Богомилы… придерживались той точки зрения, что Дьяволу было даровано господство над всем материальным миром, и только малочисленная элита – «совершенные» – могла презреть то, что было обязательным для большинства…
Революционеры-идеалисты дней его юности казались Джиласу наследниками богомильских «совершенных»[443].
Во время своего второго тюремного заключения, уже при Тито, Джилас задался целью перевести на сербскохорватский поэму Мильтона «Потерянный рай» – произведение, которое часто обвиняют в возвышении Сатаны над Богом. Возможно, что, сидя в тюремной камере, Джилас вспоминал дни совместной с Тито власти и утешал себя словами Люцифера: «Лучше властвовать в аду, чем прислуживать на небесах».
Были люди, включая и автора данной книги, которые, хоть и восхищались Джиласом, но, к несчастью, встали на сторону Тито. Когда Тито сказал, что Югославия не готова к демократии, он оправдал это тем, что еще сильны «буржуазия» и «классовые враги». Фактически он имел в виду сербских и хорватских националистов – последышей четников и усташей. Это имел в виду и Джилас, когда выступал на пленуме, взывая к поддержке идеи «братства и единства».
Джилас рассматривал демократию и свободу слова как абсолютные ценности, к которым он относился с той же фанатичной преданностью, как раньше – к коммунизму.

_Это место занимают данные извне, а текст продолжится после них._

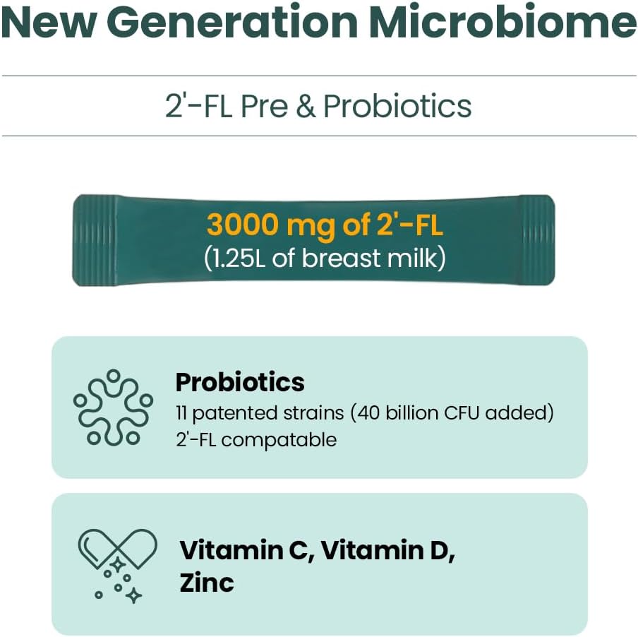 MOMSTAMIN 2′-FL HMO Prebiotics Probiotics Powder Stick, 3,000mg Human Milk Oligosaccharide Per Serving + 11 Strains Synbiotics for Immune Digestive Supplement Gut Health IBS Relief (1 Month, Premium)
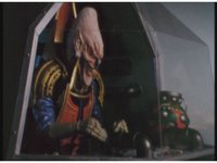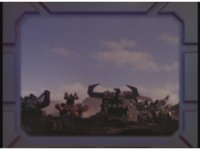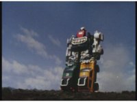 This same shot of the Megazord cockpit quickly tracks left repeatedly to imply motion a few times. |
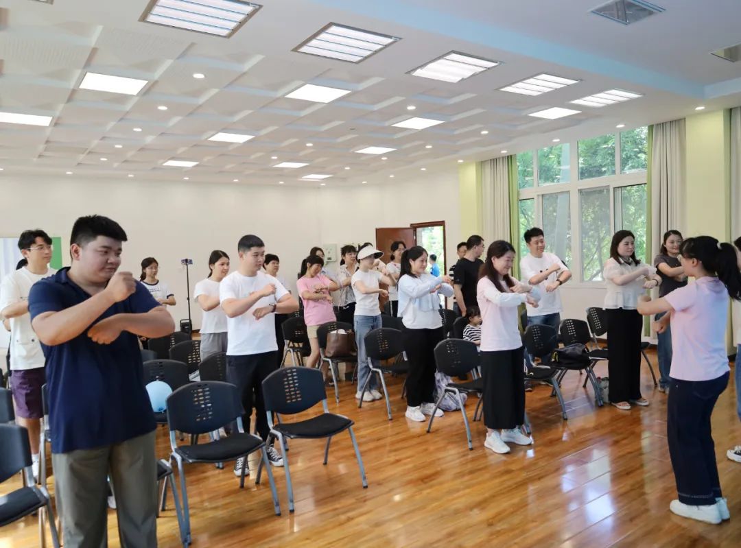 “握握手 点点头 碰碰肩......”伴随着欢快的音乐、小朋友和大朋友们的欢笑声,体验活动开始。
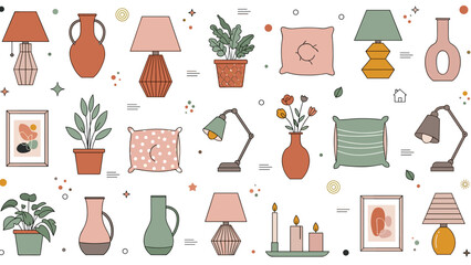 Collection of cozy home decor elements like lamps, vases, pillows, and potted plant illustrations
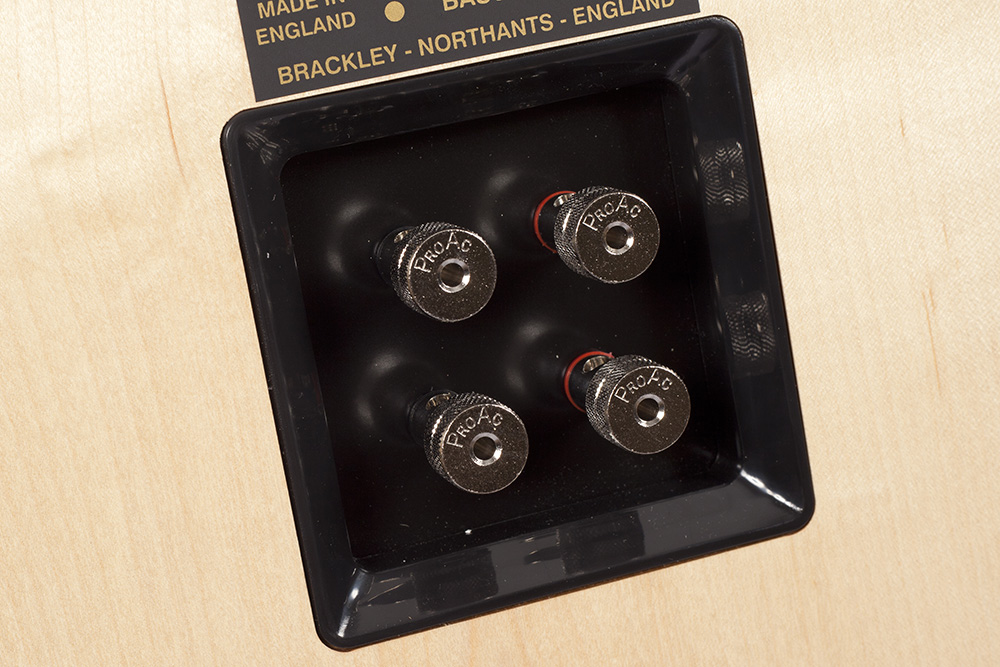 Crossover: A dedikált kétrétegű áramköri kártya a legfinomabb alkatrészekkel rendelkezik; ProAc sok eres, oxigénmentes rézkábel; Megosztva az opcionális kétvezetékes és a kettős erősítéshez
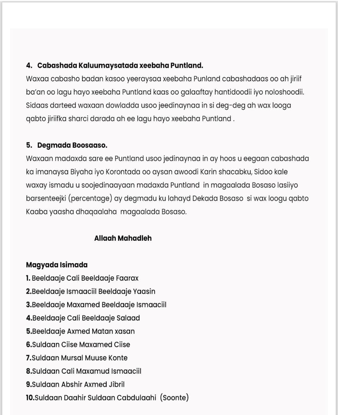 Sidoo kale waxay madaxda sare ee Puntland u soo jeediyeen in ay hoos u eegaa cabashada ka imanaysa shacabka Boosaaso ee la xiriirta qiimaha biyaha iyo korontada.
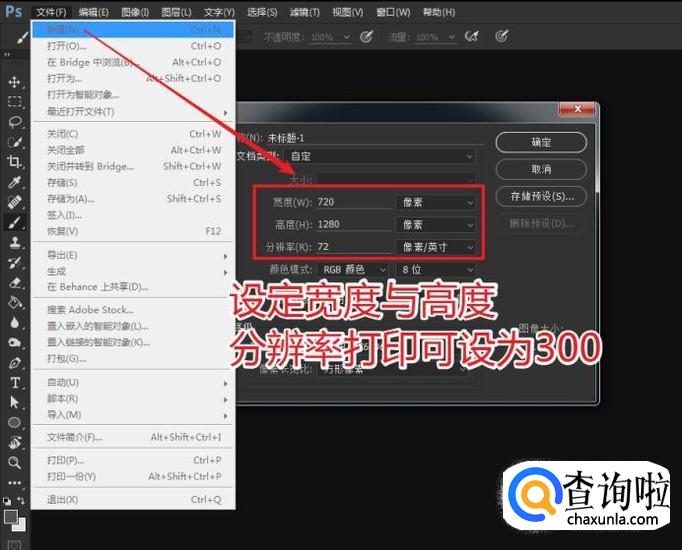 注:尺寸设为:720*1280(分辨率:300像素/英寸)
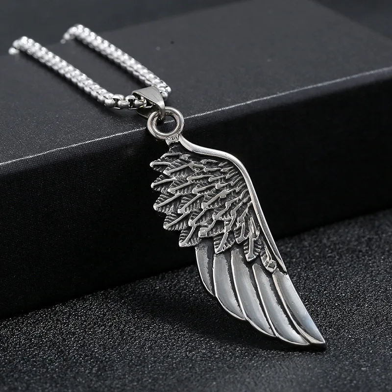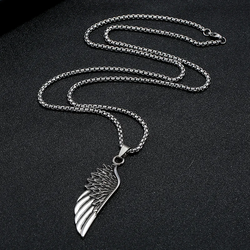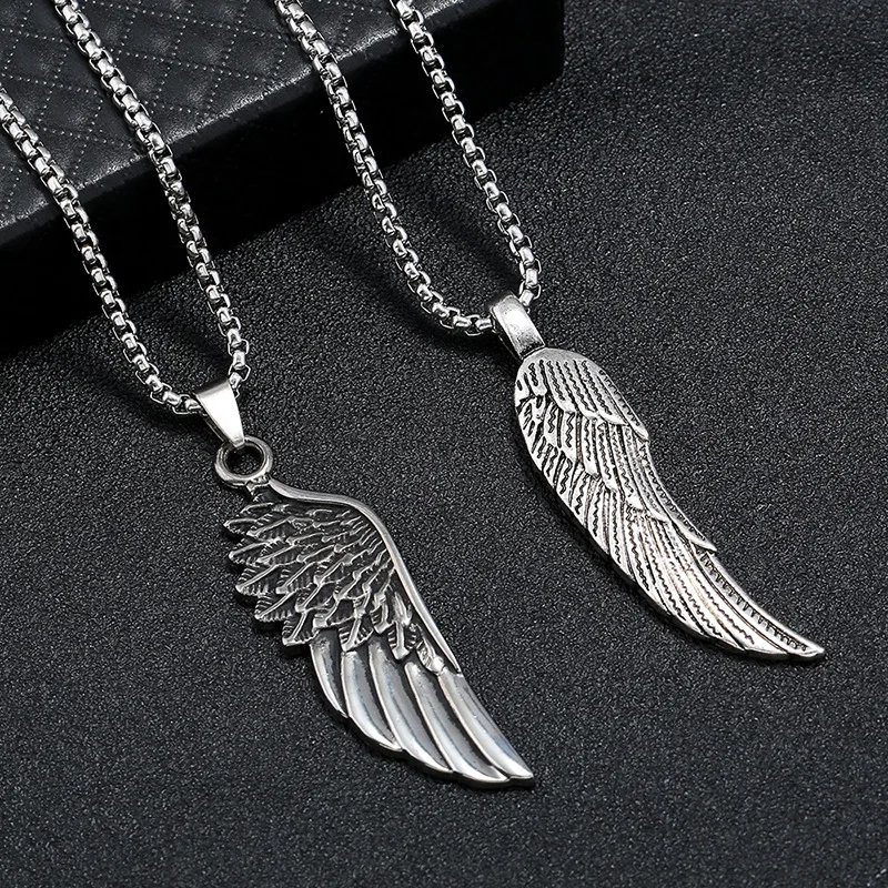 Индивидуальная Мужская и женская бижутерия, винтажное ожерелье с подвеской в форме крыла ангела, длинное ожерелье из нержавеющей стали, подвески

Возможно, он был прав. Может быть, если бы Югославии был в 1954 году дан шанс осуществить действительно свободные выборы, югославы бы выбрали национальных лидеров, желавших объединить республики в федерацию. Сторонники Тито понимали, что необходимы еще долгие годы его волевого и патерналистского правления для того, чтобы залечить нанесенные войной раны. Такие люди ценили идею единой Югославии больше, чем абстрактные «измы» и «кратии». Выбор между Джиласом и Тито напоминал то, что Бертольд Брехт сказал в своей пьесе «Галилео Галилей»:
«Стоит ли умерщвлять устрицу ради жемчужины?»
Человечество будет всегда разделяться на два лагеря в зависимости от того, согласно оно или не согласно с принципом: «К черту жемчужину! Дайте мне сочную устрицу!»